All participants also completed the following standardized neuropsychological tests: the Hopkins Verbal Learning Test-Revised (HVLT-R; Brandt & Benedict, 2001); the D-KEFS Trail Making Test (Delis et al., 2001); the D-KEFS phonemic fluency test (Delis et al., 2001); the Benton Judgment of Line Orientation Test (Benton, Sivan, Hamsher, Verney, & Spreen, 1983); and the WRAT-4 (Wilkinson & Robertson, 2006). A test battery was designed that could be relatively brief to administer in one test session along with the TOMEE (considering fatigue effects in older adults), which would provide a measure in the primary domains of memory, language, executive functioning, attention, and visuospatial perception. The WRAT-4 was included as a proxy measure of education (given that the college students in our young adult group have not yet achieved their peak education) and as a measure of word reading to assess this ability in our older adults and its relationship to performance on the TOMEE. The test battery required approximately 2–2.5 hours to administer in one session at San Diego State University. The tests were administered in the following order: TOMEE immediate recall, D-KEFS Trail Making Test, TOMEE delayed recall, BDI-II/GDS, HVLT-R immediate recall, Benton Judgment of Line Orientation Test, HVLT-R delayed recall, WRAT-4, D-KEFS phonemic fluency test, and DRS-2 (older adults only). All procedures were approved by the Institutional Review Board at San Diego State University and all participants provided informed consent prior to participation in this study.

Results

Temporal Order Memory of Everyday Events Test

Mixed model 2 × 3 Analysis of Variance (ANOVA) tests with age-group as a between group variable (young adults, older adults) and TOMEE memory index (immediate free recall, delayed free recall, delayed cued recall) as within group variables were used to assess performance on the TOMEE using the two aforementioned scoring methods. Using the ordinal position scoring method, the analyses revealed a significant main effects of age-group F(1, 73) = 13.80, p < .001 and memory index F(2, 146) = 21.87, p < .001; however, the interaction was not significant F(2, 146) = .15, p = .86. As shown in Figure 1, young adults outperformed older adults on all three memory indices, which also is evidenced by the significant main effect of age-group. A Newman-Keuls posthoc comparison test of the main effect of memory index revealed that participants performed significantly better (p < .05) on the delayed cued recall index compared to both the immediate and delayed free recall indices, which did not differ significantly from one another.

Figure 1.

Figure 1

Mean (+SE) number of events placed in the correct ordinal position by young and older adults on the TOMEE for Immediate Free Recall, Delayed Free Recall, and Delayed Cued-Recall indices.

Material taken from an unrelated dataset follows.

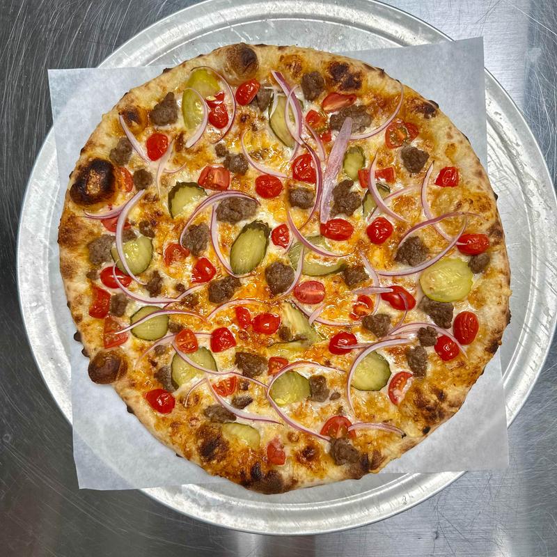 10" $23.00 | 14" $30.00 • BBQ chipotle sauce, Swiss cheese, impossible meat, grape tomatoes, red onions, and pickles

Using the sequential clustering scoring method, the analyses revealed a significant main effects of age-group F(1, 73) = 13.41, p < .001 and memory index F (2, 146) = 26.69, p < .001; however, the interaction was not significant F(2, 146) = .57, p = .57. As shown in Figure 2, young adults outperformed older adults on all three memory indices, which also is evidenced by the significant main effect of age-group. A Newman-Keuls posthoc comparison test of the main effect of memory index revealed that participants performed significantly better (p < .05) on the delayed cued recall index compared to both the immediate and delayed free recall indices, which did not differ significantly from one another. Since both scoring methods yielded highly similar results, the ordinal position scoring method was used in subsequent analyses.

Figure 2.

Figure 2

Mean (+SE) number of events placed in correct sequential clusters by young and older adults on the TOMEE for Immediate Free Recall, Delayed Free Recall, and Delayed Cued-Recall indices.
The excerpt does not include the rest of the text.